Many borrowers have found themselves in a situation where, after a series of loan extensions, their lenders refuse further extensions and demand full repayment. However, borrowers are unable to repay these loans for a variety of reasons. Compounding the issue for lenders is the length of time required to complete a foreclosure action and obtain the property from a sheriff’s sale (estimates range from two to three years). Thus, many lenders are seeking an alternative to foreclosure by either selling the note or facilitating the sale of the property with an appropriate debt cancellation.
A purchaser of distressed debt or property wants to avoid litigation with the borrower. Such investors seek a “clear path to the deed” and are looking for the borrower’s cooperation in the disposition of the property. In such a situation, a borrower may have an opportunity to address its financial situation.
When approached by a lender to cooperate in the sale of a note or property, a borrower should attempt to gain relief from certain provisions of a loan. If guaranties were provided, a borrower may attempt to have them cancelled in consideration for his cooperation. A monetary payment may also be requested as consideration for the borrower’s cooperation. Borrowers may also attempt to participate in a purchasing entity that may be formed to acquire a note or property. This may be particularly important where construction is unfinished because replacement builders are frequently reluctant to step into partially completed projects due to various construction liability issues.
Distressed condominium projects raise additional issues for consideration. In New Jersey, for example, if the project has been registered with the New Jersey Department of Community Affairs and is partially sold, a borrower must take care to address its obligations under the New Jersey Planned Real Estate Development and Full Disclosure Act. For example, a borrower may insist that a new purchaser be registered as sponsor for the project prior to a closing. The borrower should seek an indemnity from the purchaser and/or lender, particularly with respect to condominium association control, finances and turnover issues. This will eliminate the borrower’s responsibility for PREDFDA compliance. Frequently these issues may be overlooked in the haste to dispose of a distressed asset.
Likewise, it is incumbent upon a lender and an investor to have a clear understanding of the status of a condominium project. They should review the financial condition of the association and ensure compliance with all applicable PREDFDA regulations prior to assuming control of a project as a sponsor. They must also ensure that applicable offering documents have been properly amended to reflect the purchaser as the new sponsor because the NJDCA can impose stiff penalties for non-compliance. Thus, prior to the closing in a sale of a note or property affecting a condominium project, lenders and investors must investigate these issues.
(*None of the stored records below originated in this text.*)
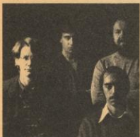
Sydney Software, adapters for Colecovision®
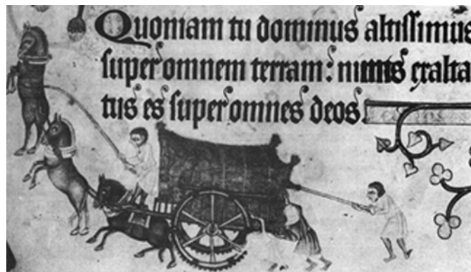
Figure 1.1.1 Drawing of two-wheeled harvest cart with studded wheels. Luttrell Psalter (folio 173v), circa 1338 AD.

Egyptians, circa 1880 BC (Layard, 1853). In this transportation, 172 slaves are being used to drag a large statue weighing about 600 kN along a wooden track. One man, standing on the sledge supporting the statue, is seen pouring a liquid (most likely water) into the path of motion; perhaps he was one of the earliest lubrication engineers. Dowson (1998) has estimated that each man exerted a pull of about 800 N. On this basis, the total effort, which must at least equal the friction force, becomes 172 \times 800 N. Thus, the coefficient of friction is about 0.23. A tomb in Egypt that was dated as from several thousand years BC provides the evidence of use of lubricants. A chariot in this tomb still contained some of the original animal-fat lubricant in its wheel bearings.
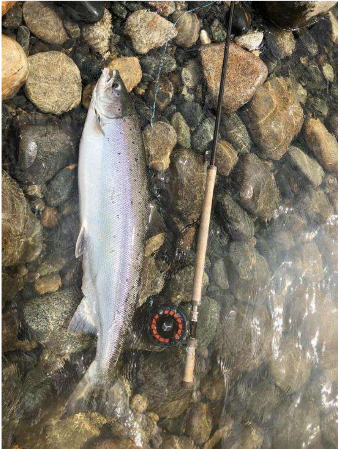
Thies caught this beautiful salmon of 103 cm on Beat B2.

This fish is another sign that the Beat B2 developed significantly positively due to the long and powerful flood in May / June 2020. In the Beat B2 (Renna) some Grilse and medium-sized salmon have been caught in the last few days.
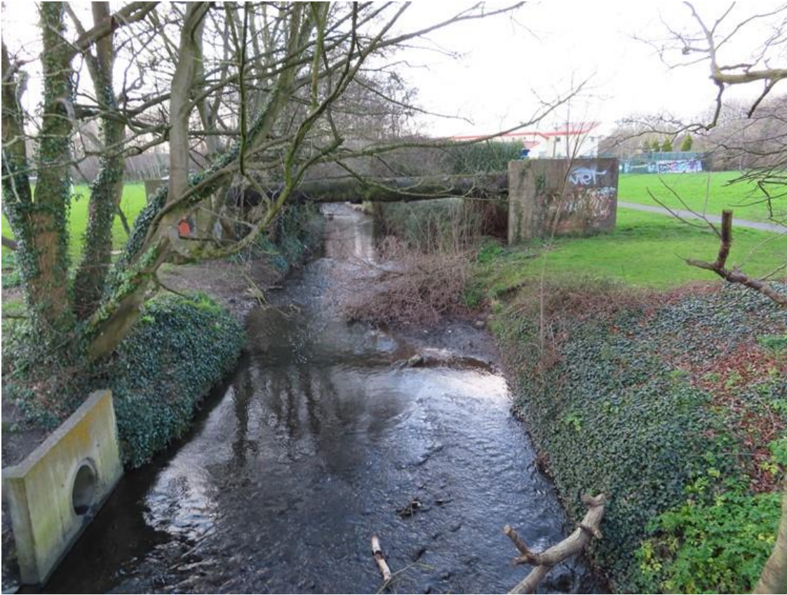
Diagram 1.7: Footbridge over Ward River
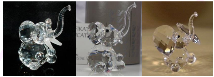
L-R: Dumbo (USA) 1987 v2, 1998 v3, 1998 v4

In 1987 and 1988 a small number of Dumbos were available from Disney Theme Parks in the USA. Differences were noted in the size of the ears and whether tusks were present and if so, the diameter of them. 1987 saw 3 varieties issued: Version 1 has small ears and thin tusks, Version 2 has small ears and thick tusks, Version 3 has small ears and no tusks. Then in 1988, there were 2 more pieces, Version 4 has large ears and no tusks, Version 5 has large ears and thick tusks! The code number was the same for all versions, 7640 NR 35.
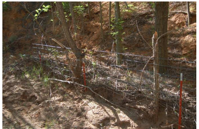
Figure 10b. Cattle panel deflector partially obscured by collected soil and planted trees, Tillman County gully (2006)
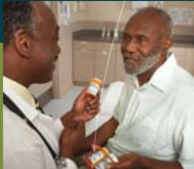
Prescription Drug Overdose
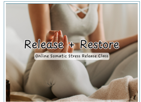
Monthly Release + Restore Somatic Release Zoom Class- $17
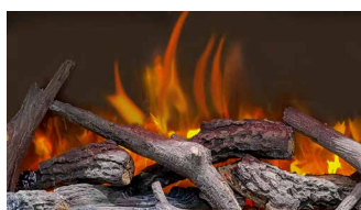
Oak Log set
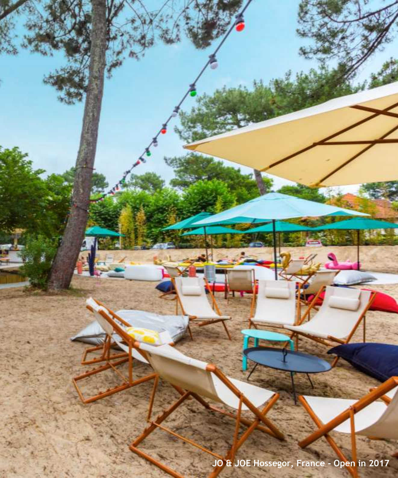
JO & JOE Hossegor, France - Open in 2017
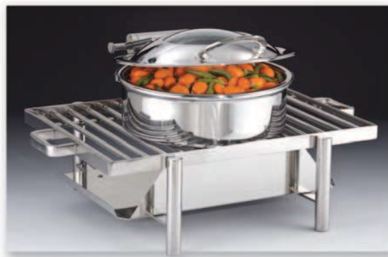
Heater Stand Tempo 20" x 14" w/Grill
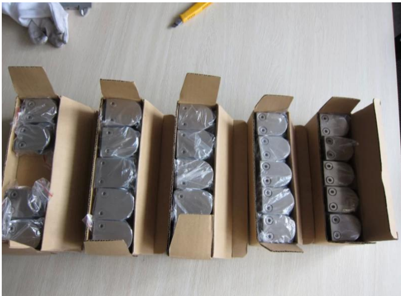
Producción en masa
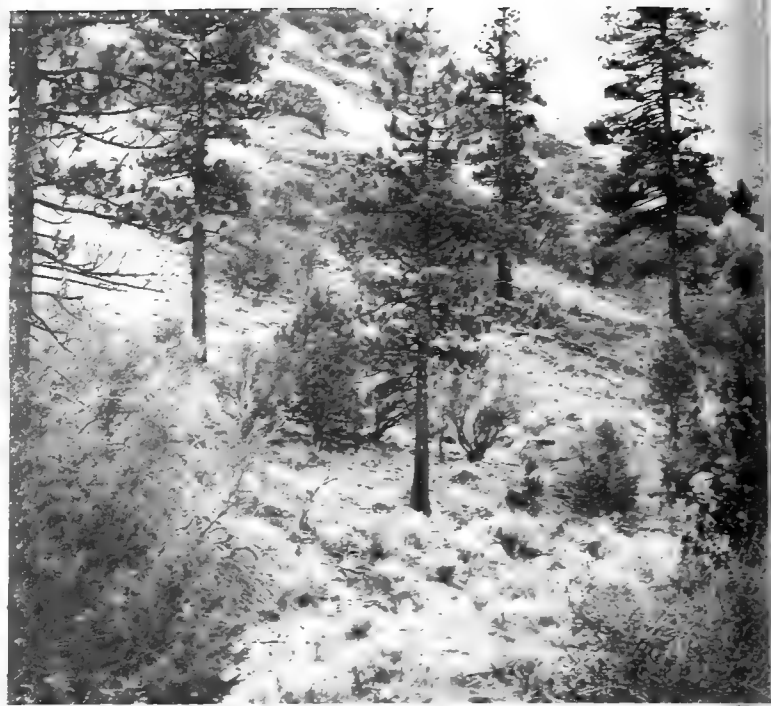
Figure 9.--A low density stand of Jeffrey pine near Aden, California. Scattered stands such as this are common on the Modoc plateau in northeastern California. There is no evidence that they have ever supported "normal" stocking levels.

used for the study except that the data were gathered from special temporary plots instead of the regular inventory field plots (fig. 9). Since lists of indicator species like that developed by Griffin (1967) did not exist for these areas, we recorded all the vascular plant species that were present and identifiable on each plot at the time of our visit. Since we were able to visit each plot only once, species that were not generally identifiable throughout the growing season were subsequently dropped from our list of potential indicators. Development of equations for the three areas prior to regular fieldwork made plant identification much easier for Forest Survey field crews, since they needed to identify only the relatively few plants appearing in the final equation--a much easier task than identifying the 172 plants required for Shasta and Trinity Counties.
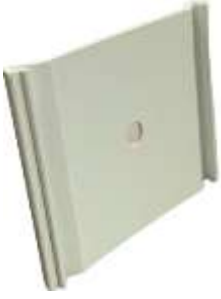
PVC Montage Clips
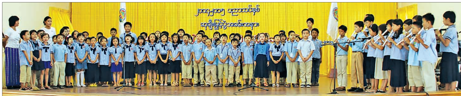
Win of Wisdom's children show their skill at the awarding ceremony.
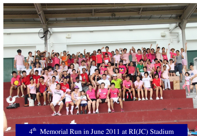
4 th Memorial Run in June 2011 at RI(JC) Stadium
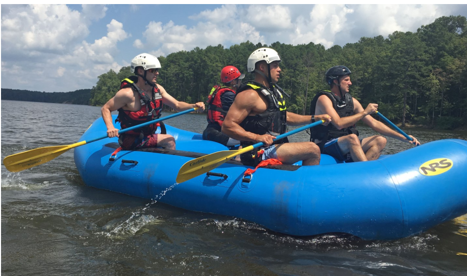
Swift Water Rescue Team members train throughout the year to maintain their proficiency in search and rescue tactics.

The Wilmington District is eager to offer its facilities to local, state and other federal agencies for training. U.S.
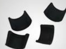
A64 气门锁夹1 Valve collect1
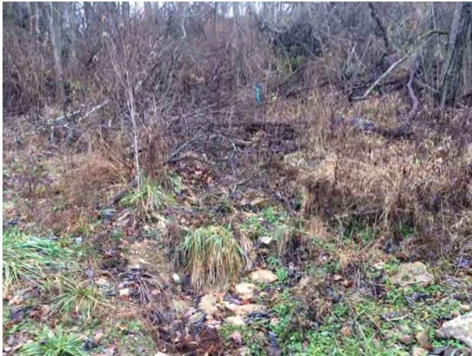
Photo Location 12. View of Stream 10. Photograph taken facing upstream/south.
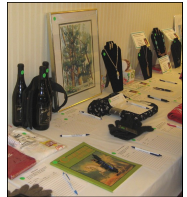
Silent Auction included art by Don & Lorraine Leivas.
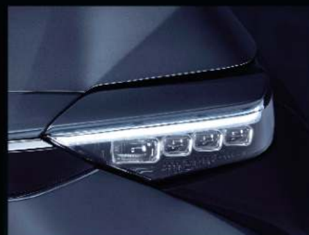
LED頭燈 LED Headlamps
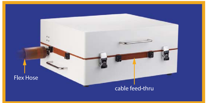
Compact Chamber Clamshell Model Chamber 14Wx16Dx6.2H inches
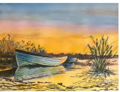
Docked at Sunset
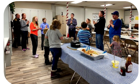
Crafts, Singing & Dancing, Bible Story & FOOD!!
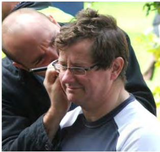
What was all the fuss about?
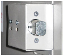
MP Optional 1-1/8" Morise Lock Prep

Available at an additional cost. Optional for all models except FD2CI, FD2WI, FD2CT, FD2L, and FD3CI.
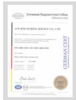
ISO14001 Environmental Management System Certification 韩国ISO14001环境管理体系认证
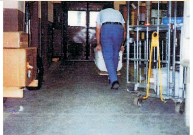
DuraQuartz providing years of trouble-free performance at Postal Center loading area.
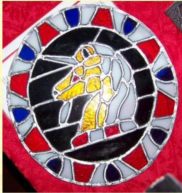
Photo by Lady Alianore de Essewell, Lead light by Viscountess Rhianwen
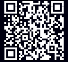
RUTM51 360° VIEW

The RUTM51 is a budget-friendly dual-SIM, multi-network industrial 5G router delivering connectivity for data-heavy applications. With five Gigabit Ethernet ports, dual-band Wi-Fi, and auto-failover, it ensures seamless, reliable performance. Backward compatibility with 4G Cat 12 and a versatile range of interfaces make the RUTM51 5G router a smart, future-proof choice for businesses seeking high-speed connectivity at a lower cost.
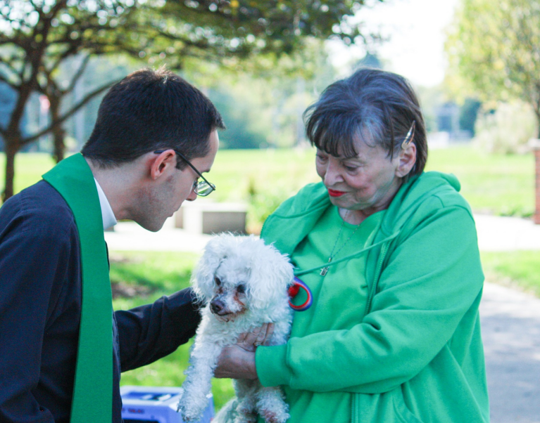
Blessing of the Animals
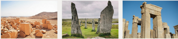
KEEPING FAITH WITH OUR ANCESTORS Part of One Body
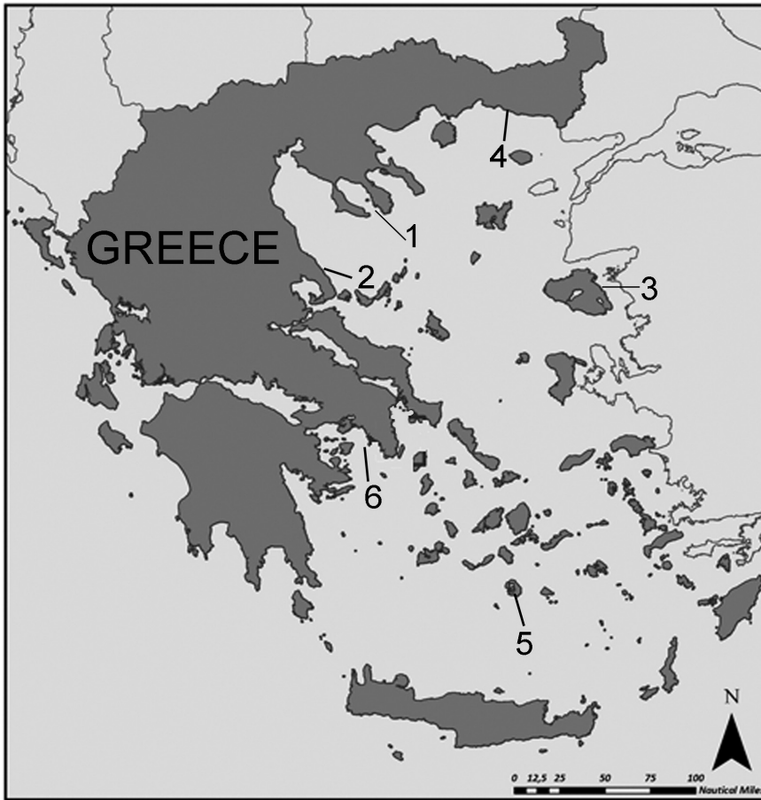
Figure 1. Map of Greece indicating the locations where Mediterranean monk seals ( Monachus monachus ) were observed sleeping; numbers 1 through 6 indicate the locations for each observation included in this paper.

Dendrinos, 2011). Relatively little is known about the behaviour of the species at sea. Herein, six observations of monk seals sleeping at sea are reported, and the importance of understanding their behaviour to shape the conservation strategy for the Mediterranean monk seal in Greece is evaluated. All observations were made between 2011 and 2016, either directly by our research group or by speargun fishermen who provided video footage, which we then analyzed (video footage is available on the Aquatic Mammals website: www.aquaticmammals-journal.org/index.php?option=com_content&view=article&id=10&Itemid=147 ). In the observations where video footage was provided by speargun fishermen, follow-up interviews were conducted to collect additional information regarding the circumstances surrounding each observation.
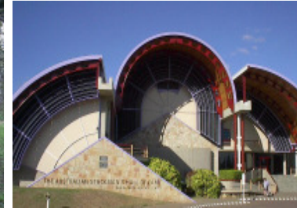
Australian Stockmans Hall of Fame-Longreach
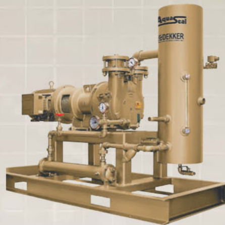
◀ 150 CFM Full-Recovery System

as well as custom-engineered units, to provide you with an economical and reliable solution for a wide variety of today's applications.
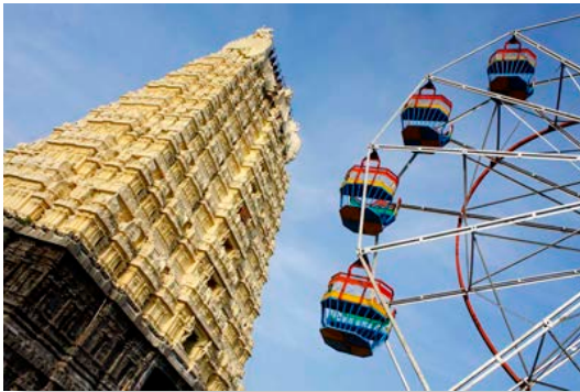
2 nd Place Prem Anandh
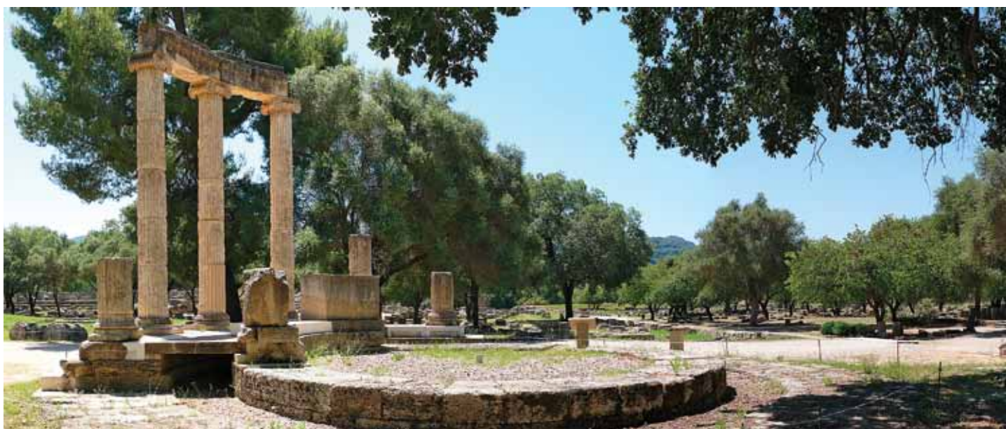
The Philippeion Temple at Ancient Olympia, erected by Philipp of Macedon, father of Alexander the Great

There will then be a short stroll to a nearby restaurant for lunch, before we continue our journey across the northern Peloponnese, with a stop for coffee and refreshments, before arriving at Athens International Airport.
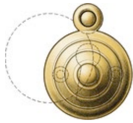
Emergency Trim Ring with Swinging Cover
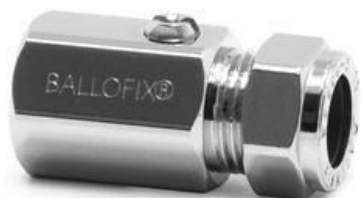
3331ZA Ball valve

Ballofix isolating ball valve - straight pattern. Compression x BSP parallel female thread. DZR, commercial chrome finish
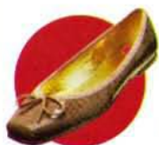
FANCY FLATS: OK AT ALL OFFICES London Sole, $245
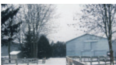
SUPERB INCOME PROPERTY

Kathy Ellis* $1,145,000 10-291-91 W2004618
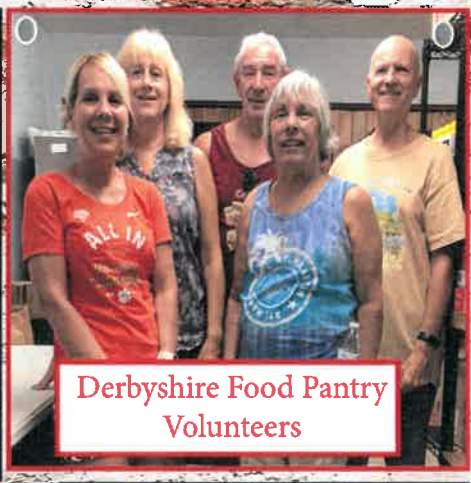
Derbyshire Food Pantry Volunteers
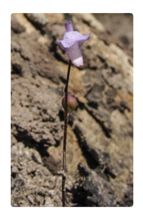
Rowering stem.
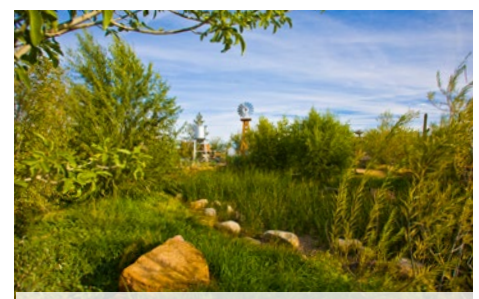
Desert Living Center
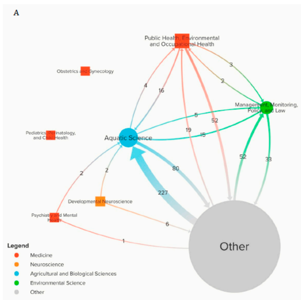
Figure 2. Cont.

Kumu ( https://kumu.io ) (accessed on 11 March 2021) was used to build the citation network visualization (Figure 2). Link and node data were imported directly into the Kumu map. The size of the nodes and thickness of the links were set to be proportional to the number of articles in a particular subject category and the number of articles cited between pairs of subject categories, respectively. Arrows indicate directionality. The direction of the links was determined by the direction of the citation: from the citer to the cited.
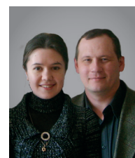
PAVEL & LINA MOLDOVA LEADERS
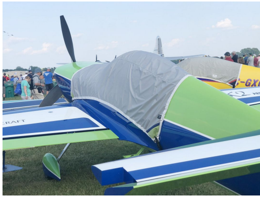
MX2 Lightweight Travel Canopy Cover
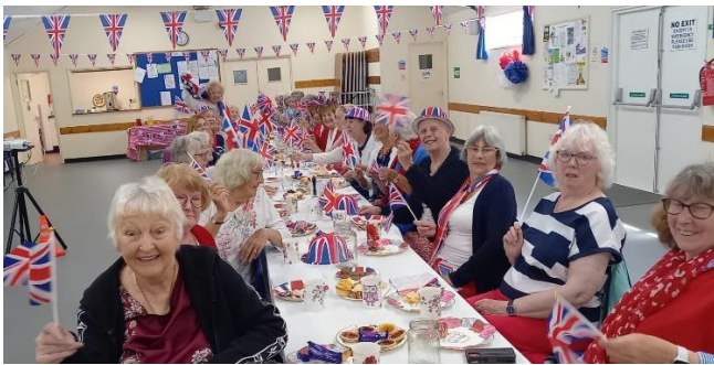
St Peters Village WI celebrating in style
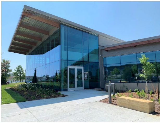
Johnson County Medical Examiner's Building

Johnson County, with a population of almost 600,000, is located in northeast Kansas and close to metropolitan Kansas City, Missouri – home to the 2020 Super Bowl champions, the Chiefs and the 2015 World Series winners, the Royals. In 2018, USA Today named Johnson County one of the top twenty best counties in the nation. Johnson County consistently ranks #1 in the "County Health Rankings" and is home to award winning parks (including several dog parks) and libraries. Johnson County has six excellent school districts and several colleges. Museums, shopping malls and the Kansas City International Airport are all nearby.
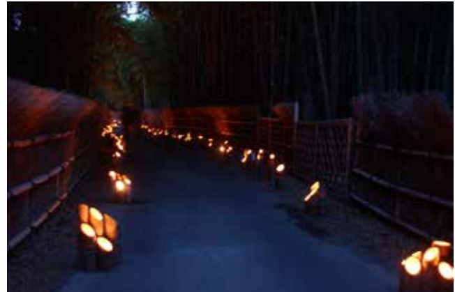
Photo 2-6-3 Take no Michi/Kaguya no Yube

The national stilts competition (since 2003) which was inspired from our "bamboo" resource and the information center in Chodoin Park which was built at the historic site of Nagaoka Palace site (since 2010).
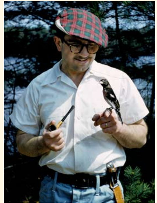
Prince and Cathy's father on the day of the release.

I've often wondered if he was successfully integrated back into the wild and found a mate. If there was an available wildlife rehabilitation center back then, we were not aware of it. We just knew that after having shared such a magical winter with us, he was no longer content to be captive.
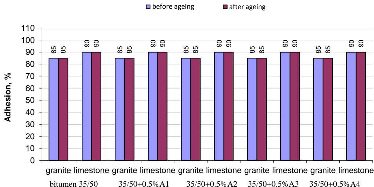
Fig.4. Adhesion of bitumen 30/50 to granite and limestone with the addition of adhesive agents determined by BOP IIB method

The studies showed that different methods of sample preparation (“BOP”), which are a modification of the standard “rolling bottle test”, do not significantly affect the degree of washout of the bitumen from the surface of the aggregate and do not affect the results obtained for adhesion.
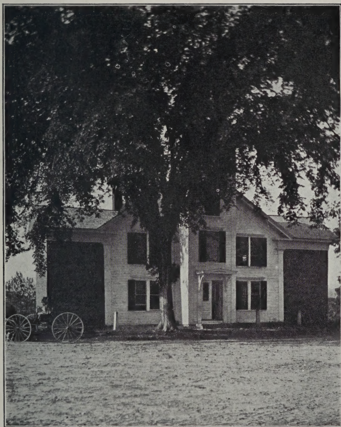
CARROLL COUNTY COURT HOUSE, OSSIPEE, N. H.
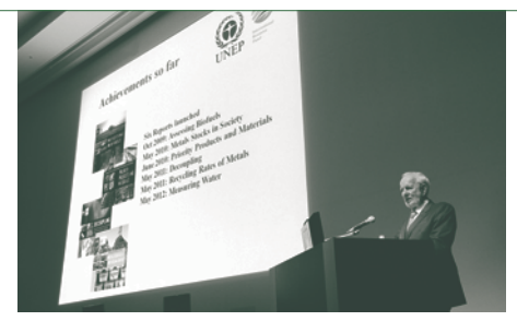
Public seminar "Green Economy and Resource Efficiency"

Resource Panel and the latest trends of resource efficiency policies" in Tokyo, Japan, at which the group called attention to the importance of improving resource productivity as relevant to the future development of Asia, including Japan. As well, the SCP group continued policy re-
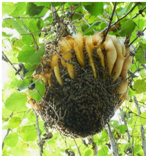
Figure 5. Feral honey bee colony in a mesophilic wood on the hills of Isola Vicentina, Vicenza, Italy; September 2013 (Photo by Damiano Fioretto).

1) The first, already known since ancient times, albeit to a lesser extent, is the moving of bees (colonies or
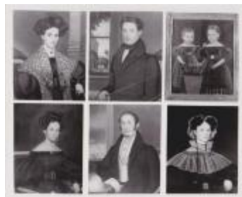
photograph of 6 painted portraits (Photographs Fold. 004 Photo 091)

Borrowers may consider potential lender liability issues in response to a foreclosure action. Such issues may affect the orderly disposition of an asset. Lenders will transfer a note without representations or warranties and this may subject the note’s purchaser to liability and defense of a lawsuit. Through loan extensions, lenders may have inadvertently impacted their rights under their loan documents. If a lender has acted outside the scope of ordinary lending practices, it could be liable for those actions. For example, if a lender directed that specific contractors be used in construction or directed sales of a project to the detriment of the property, these actions could subject the lender to claims by a borrower.
Tax considerations further complicate the matter. Borrowers must consult with their tax advisors to determine any potential tax liability which may result from a cancellation of any debt owed to a lender. Borrowers may spend months negotiating with a lender and/or investor to obtain the relief they sought only to incur significant tax liabilities as a result.
Entering into an agreement with an investor and/or lender may be an effective way for a borrower to address a default and resolve a difficult situation. Such a resolution removes the matter from the court system, places a property back into the market, removes a non-performing loan from a lender’s portfolio and offers investors an opportunity to earn a profit on their money.
Borrowers should identify their position and attempt to negotiate out the most detrimental provisions of the loan. Investors should seek the opportunity to earn the returns on their investment as quickly as possible. Lenders must decide whether the cost of carrying the distressed property through a contested foreclosure is worth more than a speedy disposition. Thus, all parties to the transaction share a common goal—the question is how much each is willing to forego to achieve it.